Step 1: Create a workspace pointing at your existing folder
When you first open refern, it asks you to create or open a workspace. A workspace is simply a folder on your disk. refern places a small index file (refern-db.sqlite) and a thumbnails cache (refern-thumbnails/) inside that folder. Your original images are not touched.
Steps:
- Click "New Workspace" in the welcome screen.
- Choose the folder that already contains your images. This can be a project folder, your downloads folder, an external drive folder, or any directory you already use for references.
- refern scans the folder and indexes everything. For a few thousand images this takes a minute or two. For larger libraries the streaming indexer runs in the background while you start working, and it is crash-resumable.
Your images appear in a grid inside refern. Nothing has moved on disk.
Coming from Eagle: Use File > Import Eagle Library. refern reads your Eagle library and transfers your folders, tags, ratings, source URLs, and notes. Your original files are indexed in place from wherever Eagle had stored them.
Step 2: Browse and search your images
Before building the moodboard, find the images you want on it. refern gives you several ways to search without copying anything:
Full-text search: Type any word in the search bar. refern searches filenames, descriptions, notes, tags, source URLs, and creator fields using a local FTS5 index. Results appear in milliseconds, with no cloud connection.
Inline operators: Narrow results with typed filters:
type:image rating:>=4shows only your four-star and five-star images.tag:character tag:fantasyfinds images matching both tags.color:#3a2b1efinds images by dominant color.
Color search: Click the color picker icon and pick a hex value or sample any pixel from an image. refern returns images sorted by how closely their palette matches.
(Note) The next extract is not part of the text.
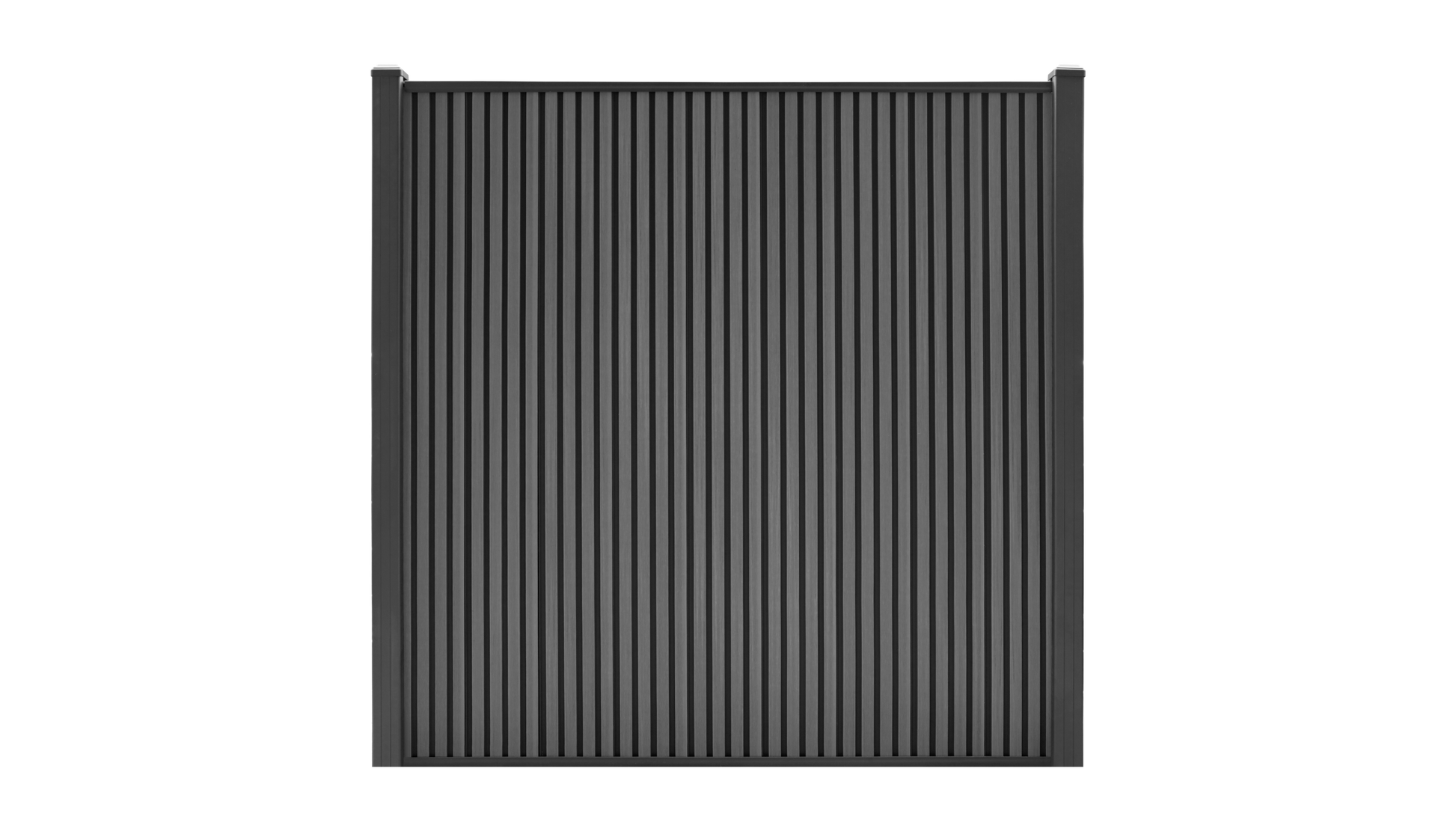 Wij leveren planken van 2,5 cm dik en 18 cm hoog. Een extra dikke laag zodat u een robuuste moderne zwarte composiet schutting van de beste kwaliteit heeft! Een schuttingsectie is 180 cm breed. De installatiehoogte, met een bodemvrijheid van 5 cm, is 176 cm en 193 cm omdat de planken iets in hoogte verliezen doordat ze in elkaar worden geschoven.

Useful for building a moodboard around a specific color theme.
Visual similarity: Right-click any image and choose "Find similar." refern uses a local visual descriptor (HSV histogram, dominant colors, color layout, and edge information) to surface similar-looking images. No internet connection is used.
All of these tools work on your original files where they sit on disk. You are querying an index, not a copy.
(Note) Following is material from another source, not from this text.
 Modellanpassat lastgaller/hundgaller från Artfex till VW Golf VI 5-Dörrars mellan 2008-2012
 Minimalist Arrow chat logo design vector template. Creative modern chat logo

Step 3: Create a canvas file
A canvas in refern is a .refern-canvas file stored inside your workspace folder. It is a JSON document that records which images are placed on it and where, along with any text, shapes, or drawings you add. It references your originals; it does not embed them.
To create a canvas:
- In the left sidebar, right-click any folder (or the workspace root) and choose "New Canvas."
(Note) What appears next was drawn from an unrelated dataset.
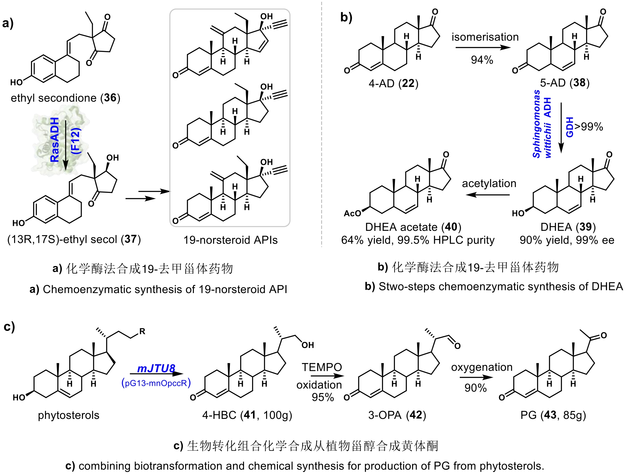 | 图7 还原酶参与的甾体药物化学酶法合成 |

- Name it (for example "Costume Moodboard v1" or "Color Study Q3").
- The canvas opens in the editor.
You can have as many canvases as you like. Each one is just a file in your folder that you can back up, copy, or open on another machine running refern pointed at the same folder.
Step 4: Drag images from your library onto the canvas
With the canvas open:
- Resize the window so you can see the library sidebar on the left.
- Click an image in the library and drag it onto the canvas. It places at its original aspect ratio. Hold Shift to select multiple images and drag them all at once.
- Drag the corners to resize. Use the rotation handle to rotate. Click and drag to reposition.
Images on the canvas are references to your originals. Nothing is embedded.
Organize with layers: Press Cmd+G (Mac) or Ctrl+G (Windows/Linux) to group selected images into a named layer with an optional background fill. Layers can be nested and reordered in the Layer panel (View > Layer Panel).
Add context:
- Click the Text tool in the toolbar to add labels or headings.
- Use the shape tools (9 primitive shapes) to add frames, arrows, or color swatch markers.
- Draw freehand annotations with the pen tool.
Step 5: Apply image adjustments without touching the originals
You can change how images look on the canvas while leaving the source files untouched:
Filters per image: Select any image on the canvas and open the filter panel in the right sidebar. Adjust brightness, contrast, saturation, and hue. These adjustments are stored as canvas parameters. The file on disk is unchanged.
Non-destructive crop: Select an image and choose "Crop." The crop is stored as a parameter on the canvas element. The original file is not modified.
Save a crop as a new file: Right-click and choose "Crop > Save as new." refern writes a cropped version alongside the original and records a "derived from" link so you can always trace the new file back to its source.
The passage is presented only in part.